Sunday, August 25, 2013

A jump start on the festive season

This year's garden will not be good.  A host of issues beset us.  First, for some reason, our neighbors can grow corn by squirrels leave them alone.  Instead they assault our corn year after year.  No matter what we come up with, somehow the squirrels get through.  If it's not the squirrels, it's something else.  One year Japanese Beetles when we went away for a week.  One year someone in the neighborhood picked the ears. And one year I'll swear deer got into it.  Why us and not the neighbors, I'll never know.

But this year was bad, because we realized that the leaves we were using to mulch into the garden were, in fact, poisonous to the plants we were growing.  The suggestion was given to use the leaves, not knowing the consequences!  So on top of everything else!!  Oh well.  Live and learn.  If gardening does anything, it teaches you how helpless we really are in the face of nature, and why so few people that live among the growing things of the world and make their living from the seasons are hardcore materialists.

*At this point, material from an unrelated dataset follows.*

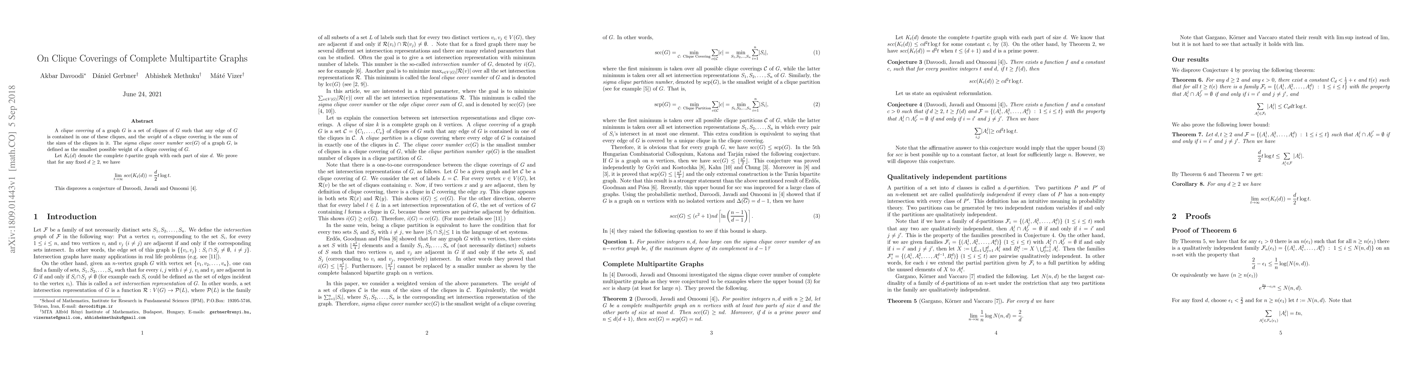 A clique covering of a graph $G$ is a set of cliques of $G$ such that any edge of $G$ is contained in one of these cliques, and the weight of a clique covering is the sum of the sizes of the cliques in it. The sigma clique cover number $scc(G)$ of a graph $G$, is defined as the smallest possible weight of a clique covering of $G$. Let $ K_t(d) $ denote the complete $ t $-partite graph with each part of size $d$. We prove that for any fixed $d \ge 2$, we have $$\lim_{t \rightarrow \infty} scc(K_t(d))= \frac{d}{2} t\log t.$$ This disproves a conjecture of Davoodi, Javadi and Omoomi.

Still, harvests are what they are, and we've gotten some good things (big bean harvest), and Roma tomatoes are, for some reason, growing like gangbusters.  Some peppers, but not enough.  And not enough cucumbers to pickle this year.  Even our squash did badly.  Even our radishes!  It will be more miss than hit, alas.  There's always next year!  With our oldest son's decision to stay home for a year, his leaving school doesn't pack the same punch.  I told him he must leave someday, but a year to save up for school is not bad thinking in my opinion.  Not with college loans being the trap so many fail to account for nowadays.  So he'll be around to help then.

Reed as Bill Sykes, less hair and fangs
But with the garden struggling, and everything else, somehow we've begun to jump ahead on the upcoming festivities.  My thirteen year old hurt his ankle and is more or less out of football this year, missing all practices going into the season, and concluding that rest it and hold till next year.  Perhaps to compensate, we've turned to the DVD and suddenly found ourselves watching Hammer Films' Hound of the Baskervilles a couple weeks ago.   And last night, we caught the first few minutes of Hammer's The Curse of the Werewolf.  An different spin, dispensing with so much of the Hollywood yarns and getting back to old world European myths regarding those rascally shapeshifters.  Staring Oliver Reed, who my boys know for his impressive take as the heartless Bill Sykes in the musical Oliver!, it is an interesting production as only Hammer Films could muster.

And it's only August! What's wrong with us?  Oh well, don't begrudge it.  Nuns and werewolves, if that's what it takes to help my family find our way and get through the gauntlet, I'll take it.  Even if it's in the 80s in the dog days of August.